**DESCRIPTION OF THE TASK**
Verbatim copy without images: return all of the data as it stands.

**SUPPLIED MATERIAL**

===============

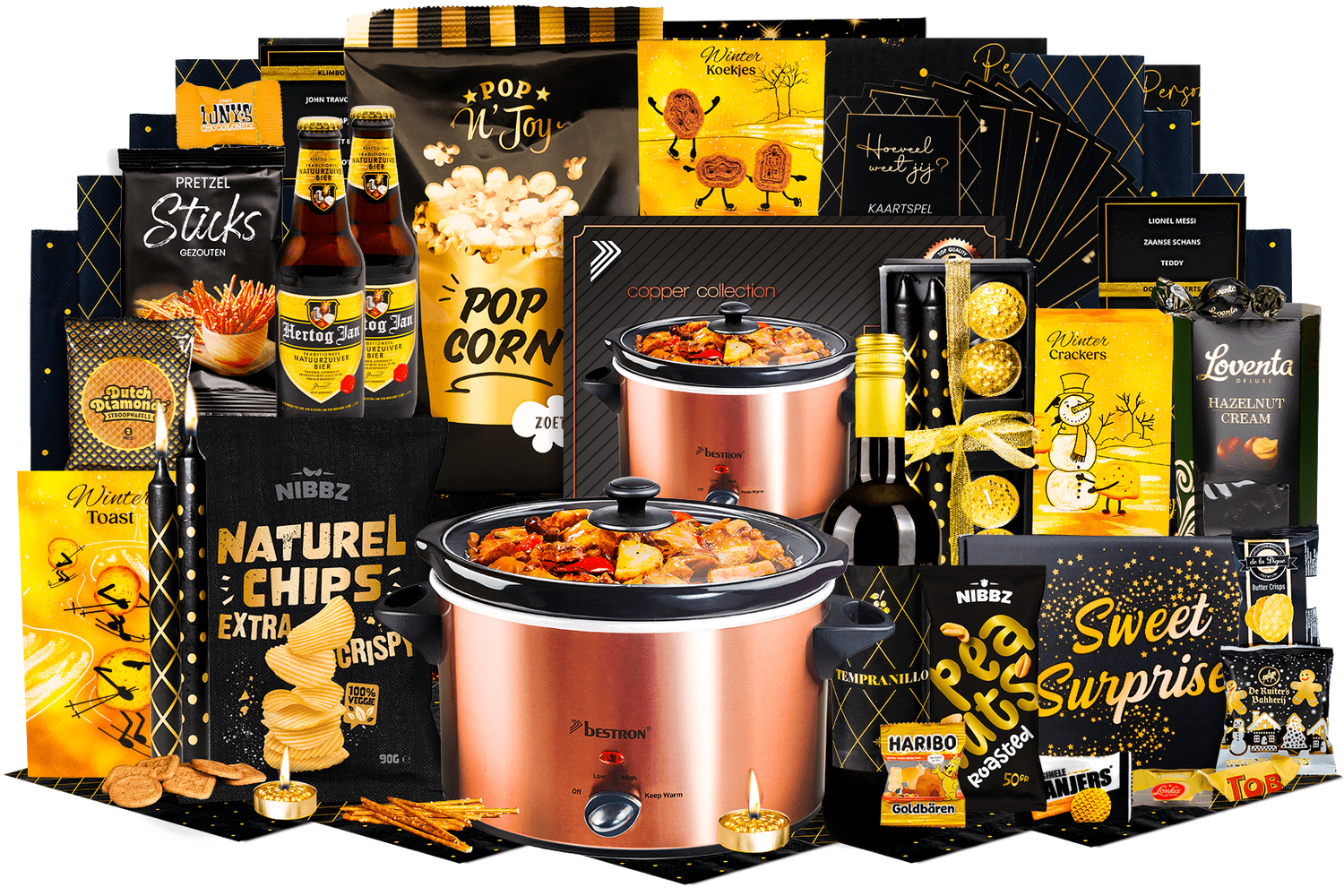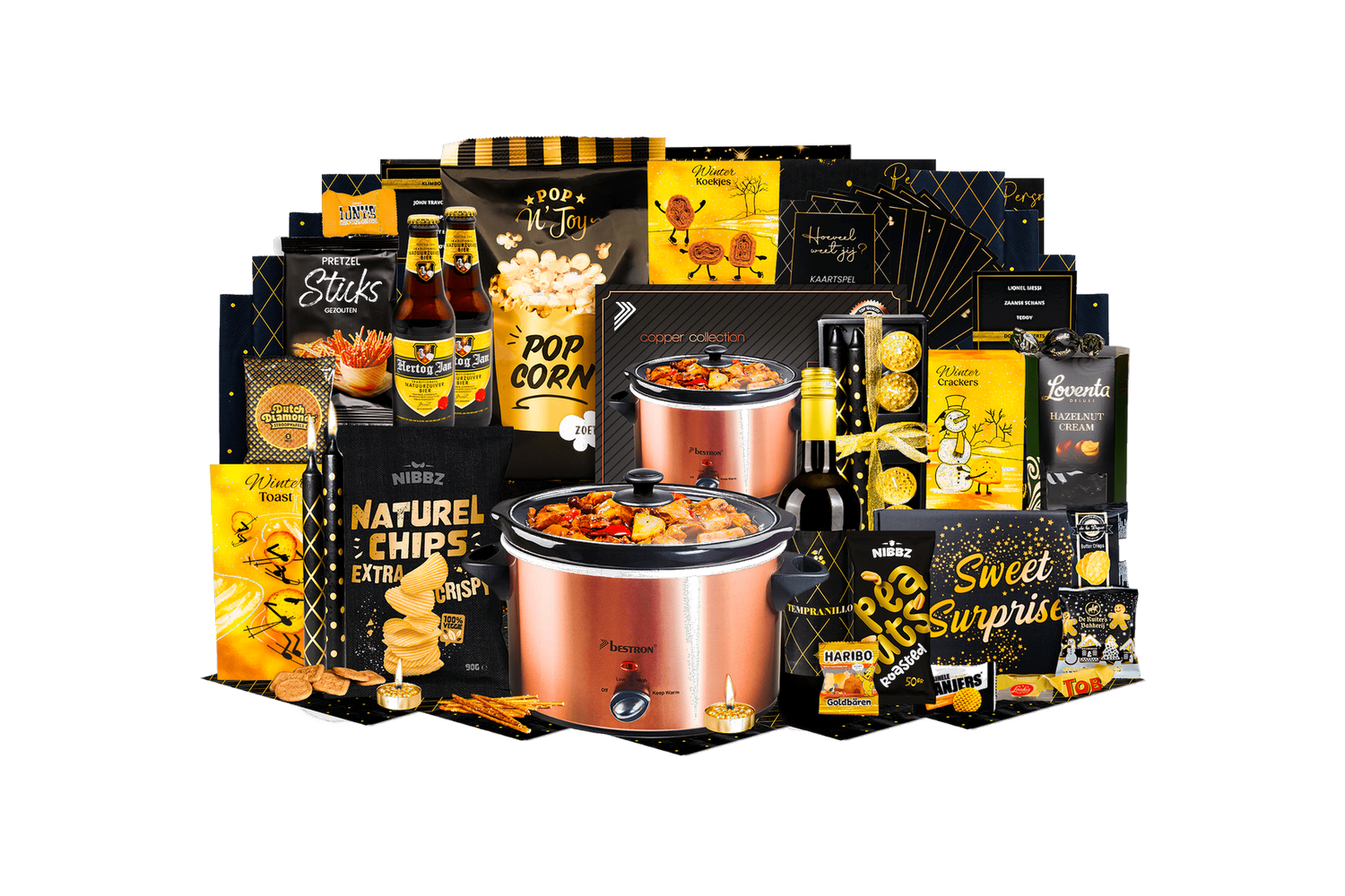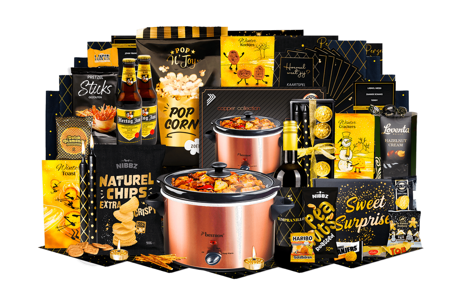 Lekker koken! Deze complete kerstbox maakt koken en borrelen eenvoudig en sfeervol. Slowcooker, dranken en een ruime selectie hartige en zoete snacks zorgen voor gemak en gezelligheid tijdens elke bijeenkomst.
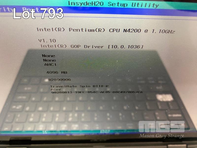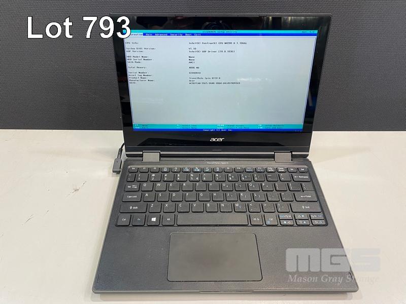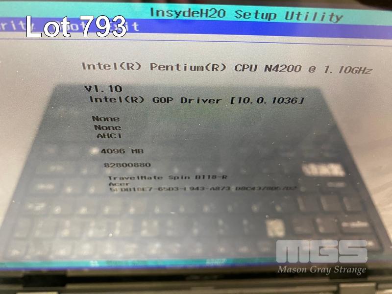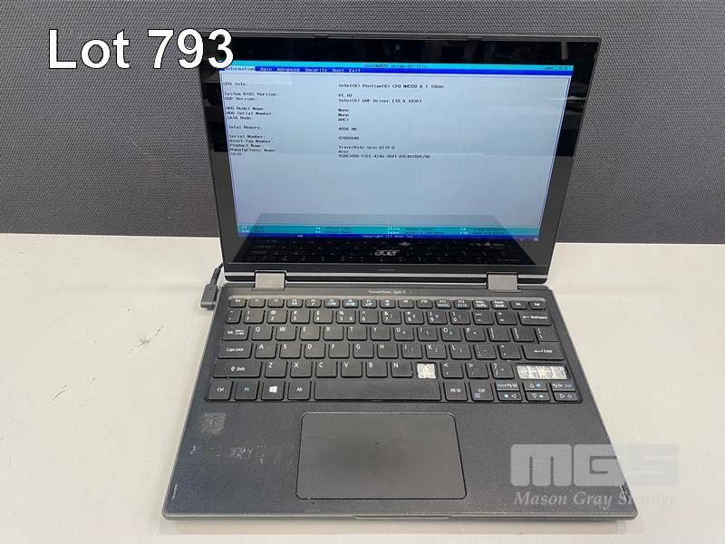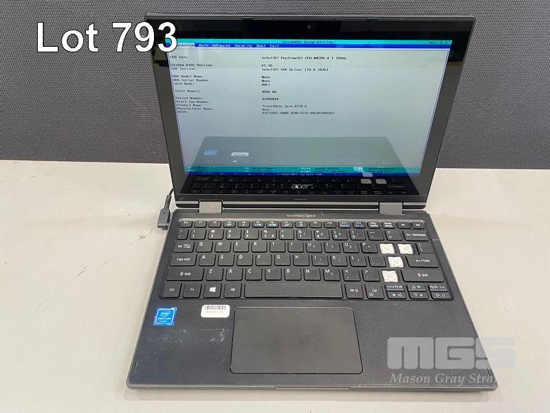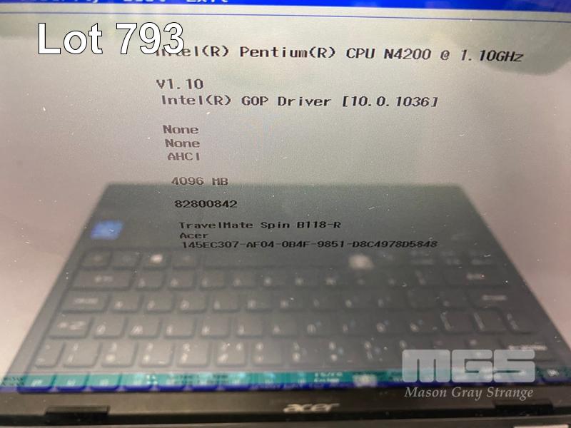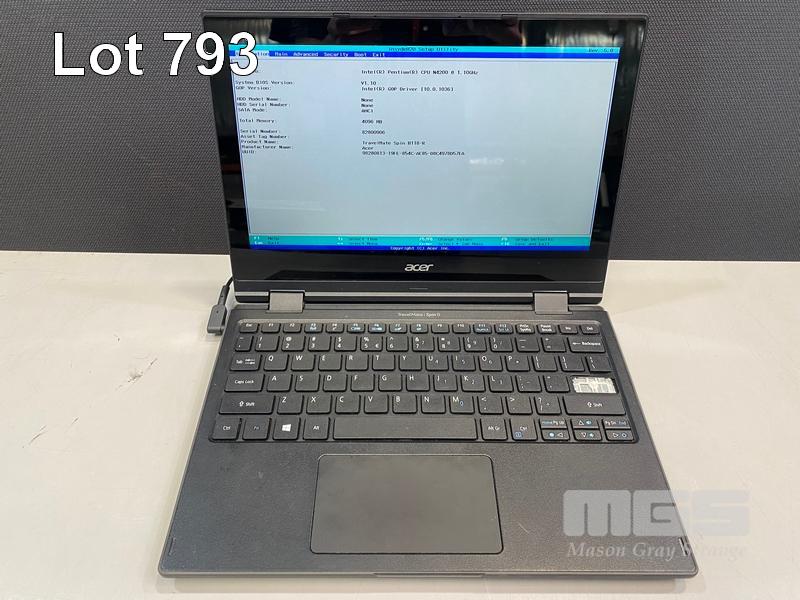 8 x LAPTOPS INC. - ACER TRAVELMATE SPIN B118-R, PENTIUM N4200 @ 1.1GHz, 4GB RAM, NO HDD (NO POWER SUPPLIES) (NOTE: ALL MISSING VARIOUS KEYBOARD KEYS, 1 x WITH DAMAGE) S/N:82800884, 82800842, 82800906, 82800846, 82800880, 82800889, 82800907, 82800910
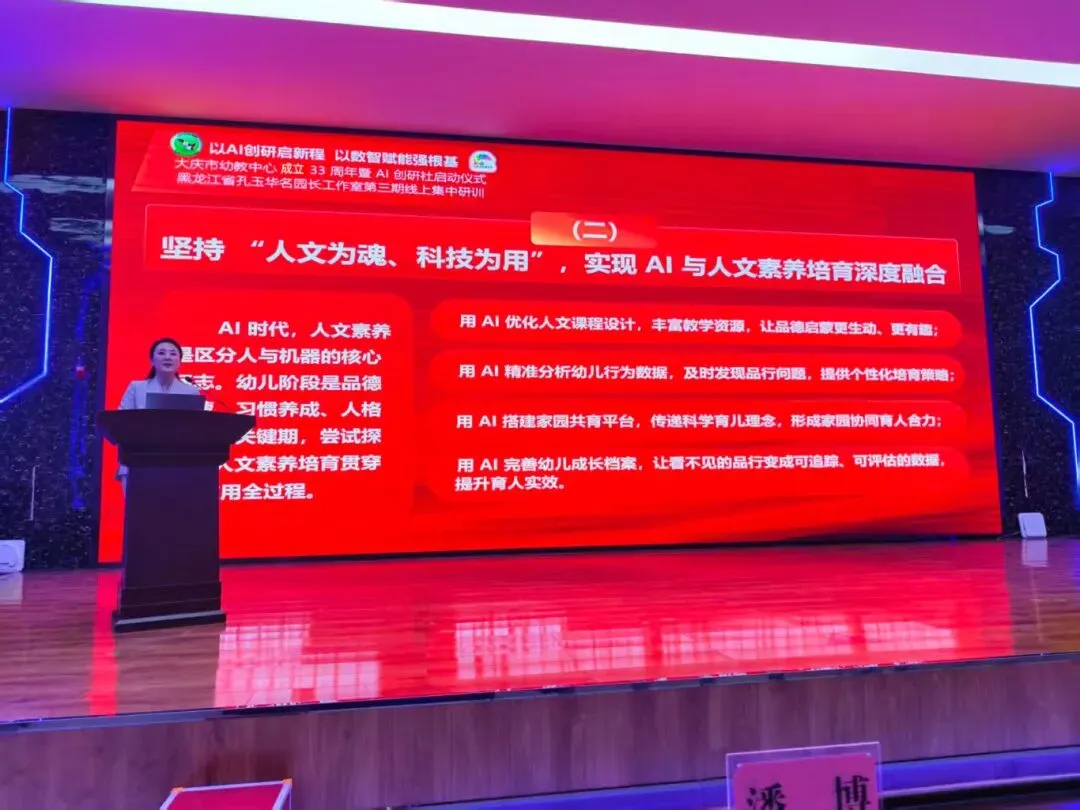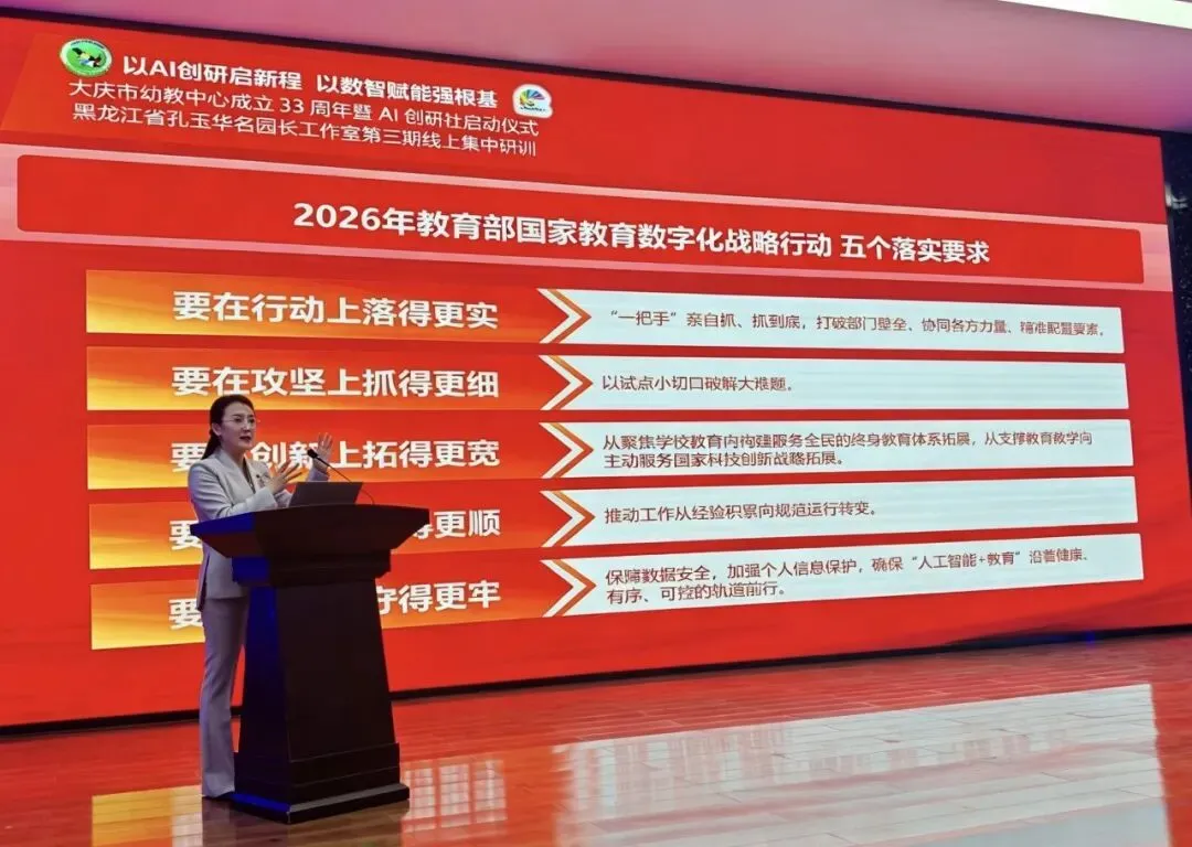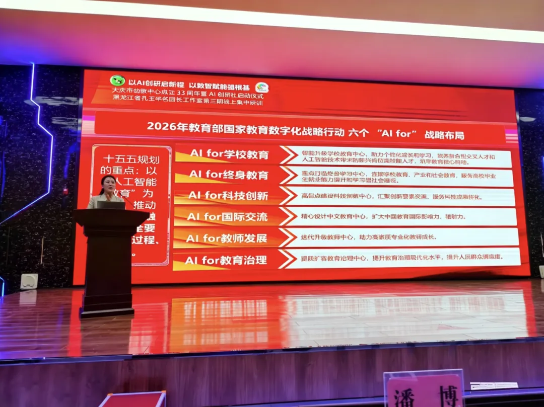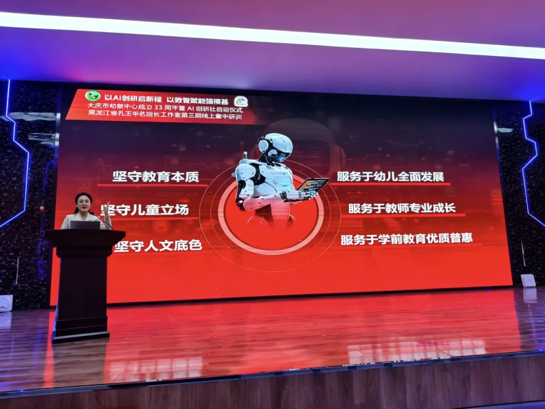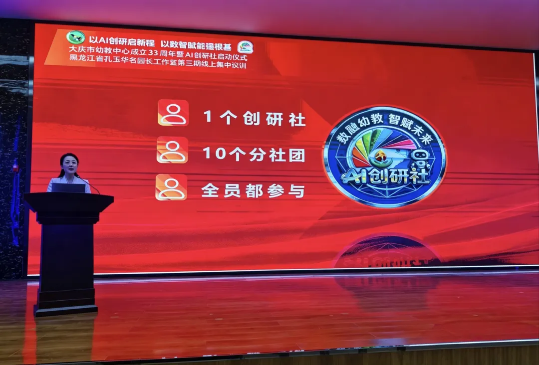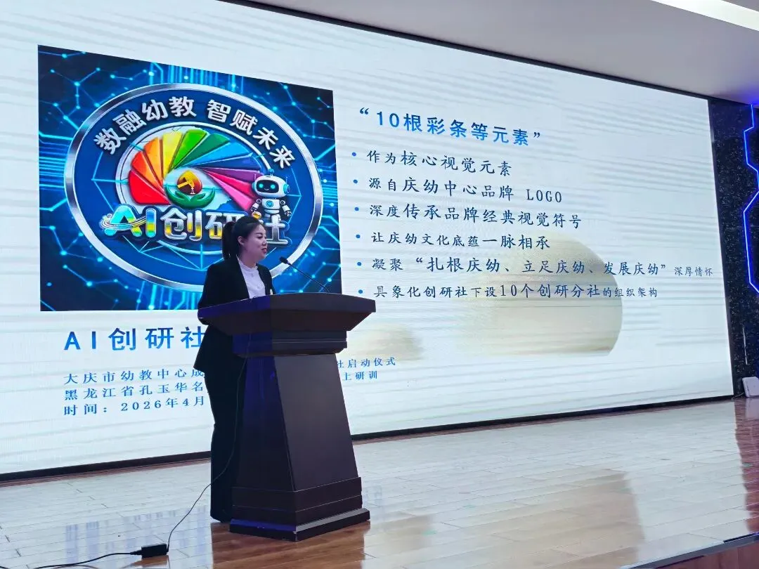 初心逐梦践使命,智赋未来启新程。时值大庆市幼教中心成立33周年之际,为深度推进“AI+幼教”融合发展,充分发挥省孔玉华名园长工作室的示范引领作用,2026年4月10日17时,大庆市幼教中心隆重举行AI创研社启动仪式,开展专题讲座,并同步进行省名园长工作室线上集中研训。

===============

**PROBLEM SOLUTION**
 Lekker koken! Deze complete kerstbox maakt koken en borrelen eenvoudig en sfeervol. Slowcooker, dranken en een ruime selectie hartige en zoete snacks zorgen voor gemak en gezelligheid tijdens elke bijeenkomst.
 8 x LAPTOPS INC. - ACER TRAVELMATE SPIN B118-R, PENTIUM N4200 @ 1.1GHz, 4GB RAM, NO HDD (NO POWER SUPPLIES) (NOTE: ALL MISSING VARIOUS KEYBOARD KEYS, 1 x WITH DAMAGE) S/N:82800884, 82800842, 82800906, 82800846, 82800880, 82800889, 82800907, 82800910
 初心逐梦践使命,智赋未来启新程。时值大庆市幼教中心成立33周年之际,为深度推进“AI+幼教”融合发展,充分发挥省孔玉华名园长工作室的示范引领作用,2026年4月10日17时,大庆市幼教中心隆重举行AI创研社启动仪式,开展专题讲座,并同步进行省名园长工作室线上集中研训。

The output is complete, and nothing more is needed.